The likelihood of steroid involvement leading to nootropic effects is due to two features. The first is the feasible existence of internal memory-enhancing mechanisms that can stimulate “flashbulb memories.” Second, autoradiographs captured following the administration of radiolabeled oxiracetam revealed almost no activity in the brain. Interestingly, when the effects of piracetam, oxiracetam, pramiracetam, and aniracetam were studied in animals whose adrenal glands were surgically removed, steroids and the adrenocorticotropic (ACTH) hormone no longer showed any memory-boosting effects, even though the animal’s learning capacity was unaffected even after adrenalectomy. Similarly, aminoglutethimide, which chemically seals the adrenal cortex, resulted in four non-functional piracetam-type nootropics. This is the first indication that adrenocortical products play a role in reconciling the results of piracetam-like nootropics. Likewise, administration of epoxymexrenon, a mineralocorticoid antagonist, entirely blocked the effect of nootropics while leaving the learning capacity unaffected. This further strengthens the notion that steroids have nootropic effects.

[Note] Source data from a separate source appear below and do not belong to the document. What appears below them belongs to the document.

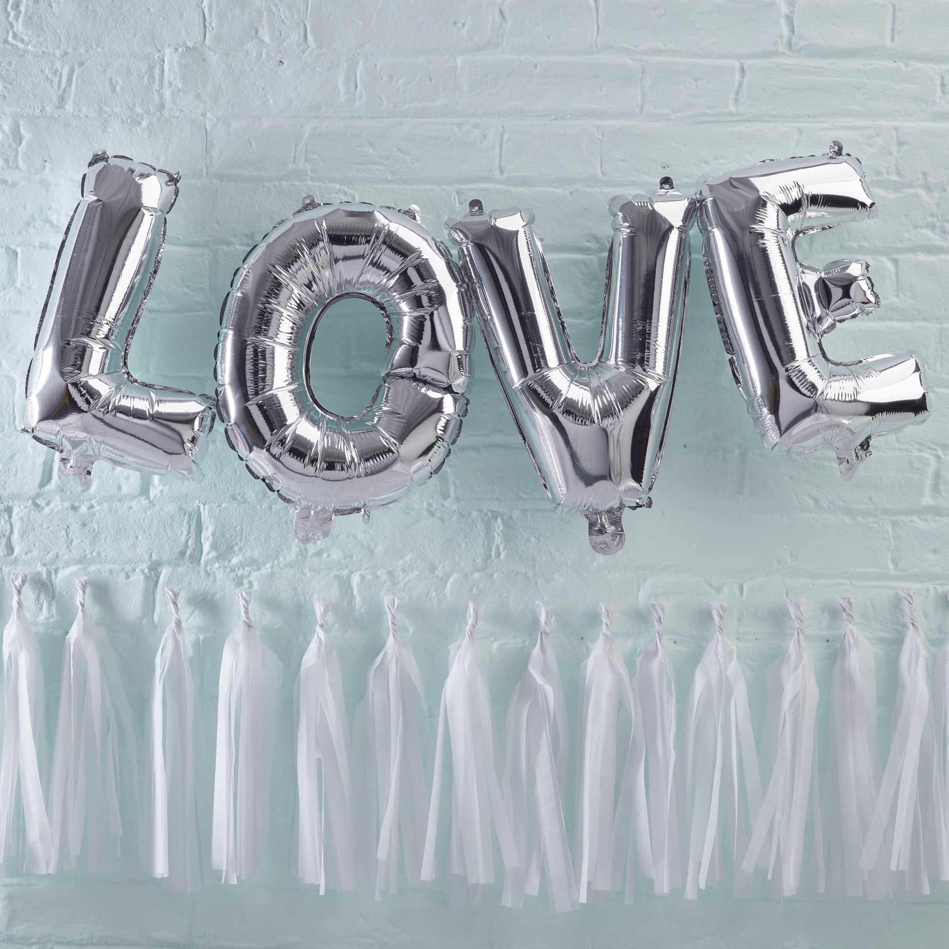 The 12" silver foiled letters can be strung along the clear twine provided to create the stunning balloon bunting which spells LOVE! Use the twine to hang the balloons in any locations - No need for helium.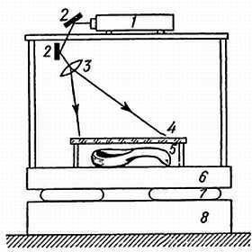 Обычно схему собирают на каменных или металлических плитах 6 с пневматическими амортизаторами 7 и на массивном основании 8 (для создания нечувствительности к вибрациям, оказывающим в этой схеме губительное действие на качество голограммы).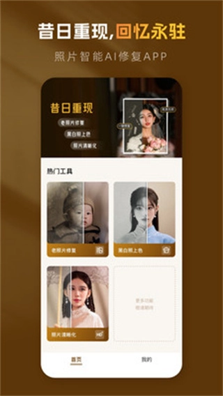 昔日重现是一款极为专业且实用的手机免费一键修复老照片的图片编辑软件。这款昔日重现修复老照片的最新版软件,依托原创AI图像生成技术精心打造,为用户带来智能的AI在线照片画质修复功能。其操作极为简便,极易上手,用户仅需选择上传破损、模糊的老照片,提交处理后,就能轻松收获修复好的照片。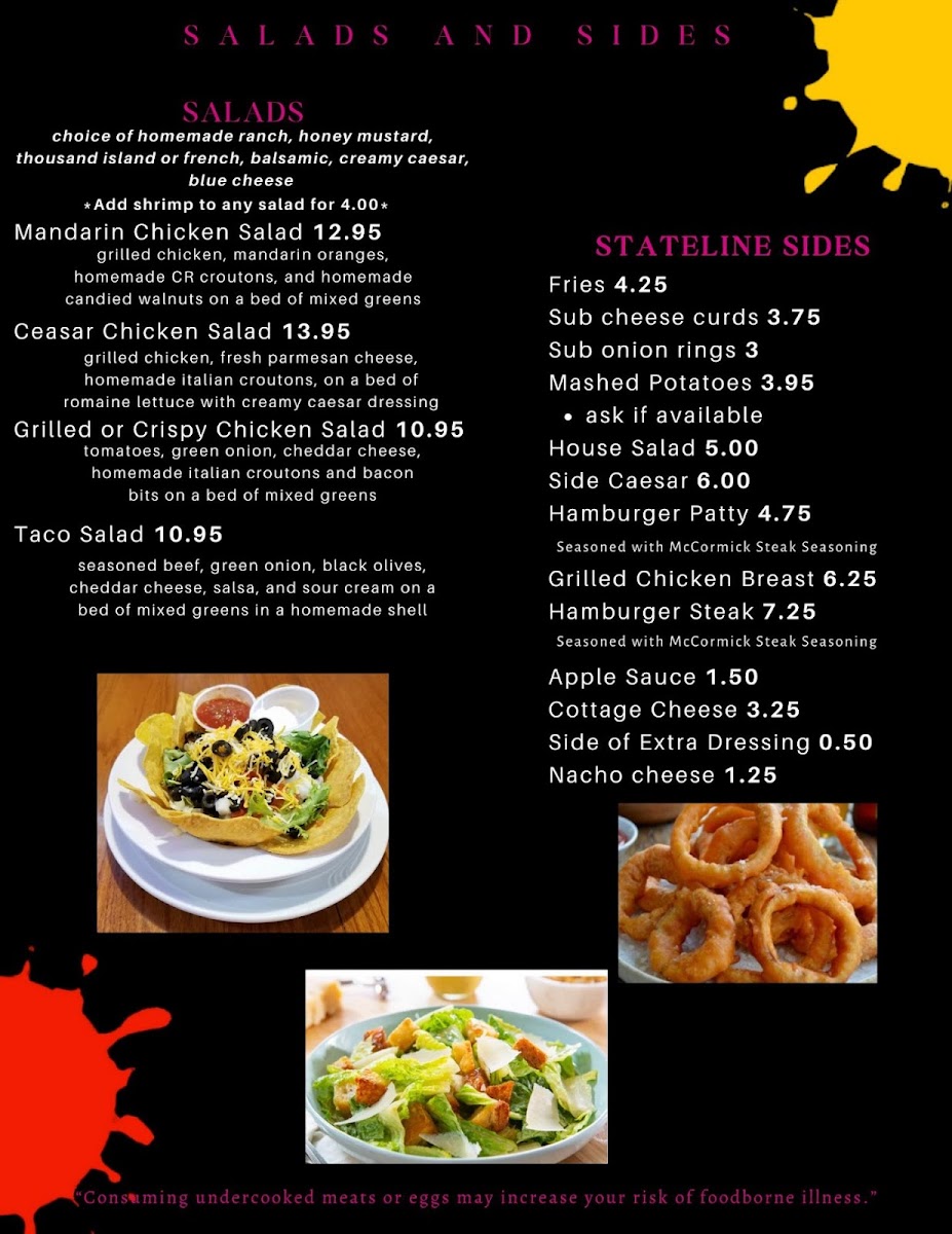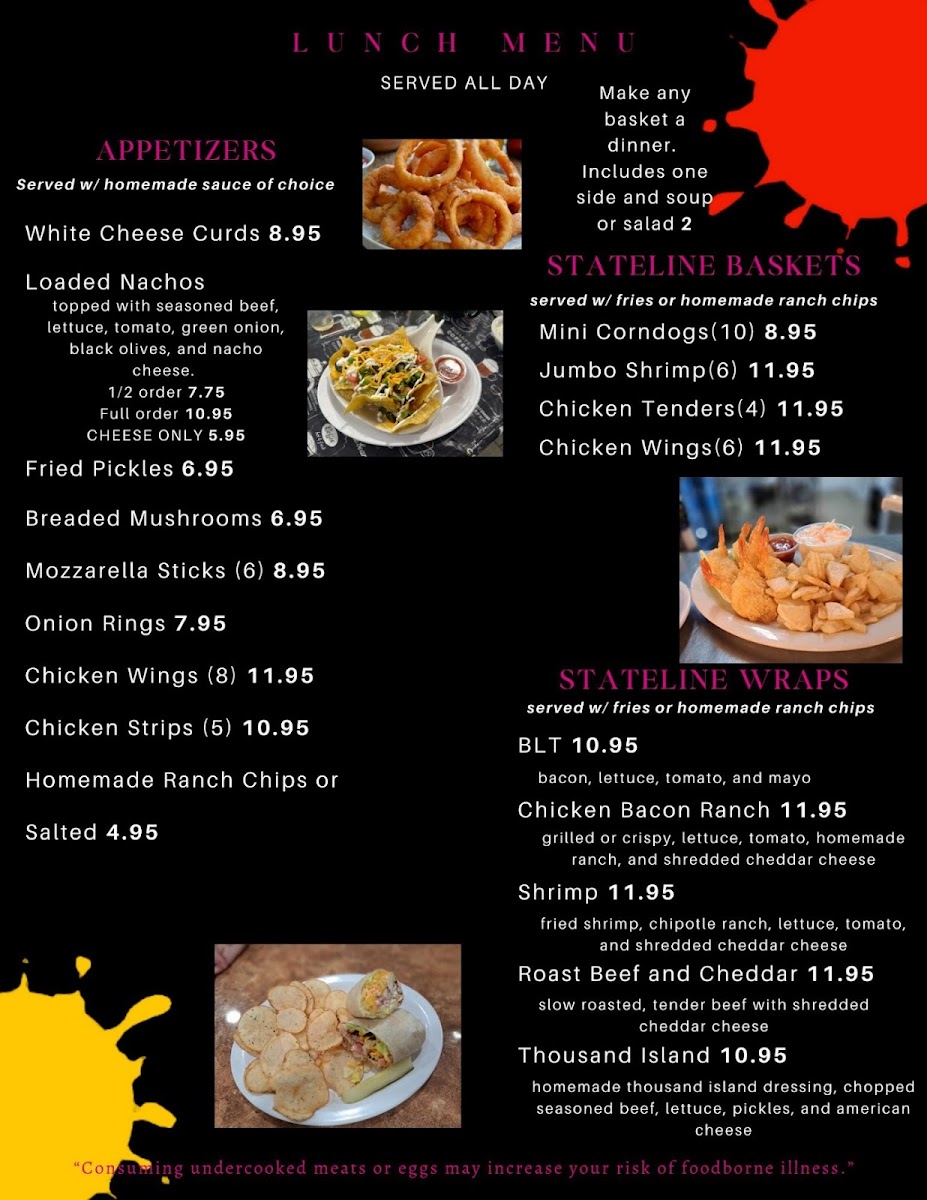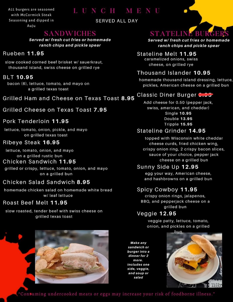 - Burgers: The Stateline Melt and the Spicy Cowboy burger bring robust flavors that are sure to satisfy any craving.

Besides these plausible pharmacological effects involved in the mechanism of action of nootropics, some also believe that the “elevation of cAMP levels and ATP/ADP ratio, amplification of brain metabolism by triggering oxidative catabolism, enhancement of phospholipid metabolism and protein biosynthesis, and modulation of ion fluxes” can also play a role in discovering the mechanism of nootropics.
The phrase nootropic was initially used to describe the actions of piracetam, chemically known as 2-oxo-1-pyrrolidine acetamide, which is a cyclical derivative of gamma-aminobutyric acid (GABA). It is one of the oldest and most extensively investigated members of the Racetam family. At present, piracetam is a prototype nootropic drug utilized in many parts of the world for the treatment of aging impairments in cognition, brain injuries, and dementia. Piracetam is available under a variety of brand names worldwide, with Nootropil and Lucetam being the most common. Despite its widespread use, the exact mechanism of action remains unclear.
The most influential hypothesized mechanism of action for piracetam is that it increases nervous system function by increasing synaptosomal and mitochondrial membrane fluidity, usually in damaged and aging brains.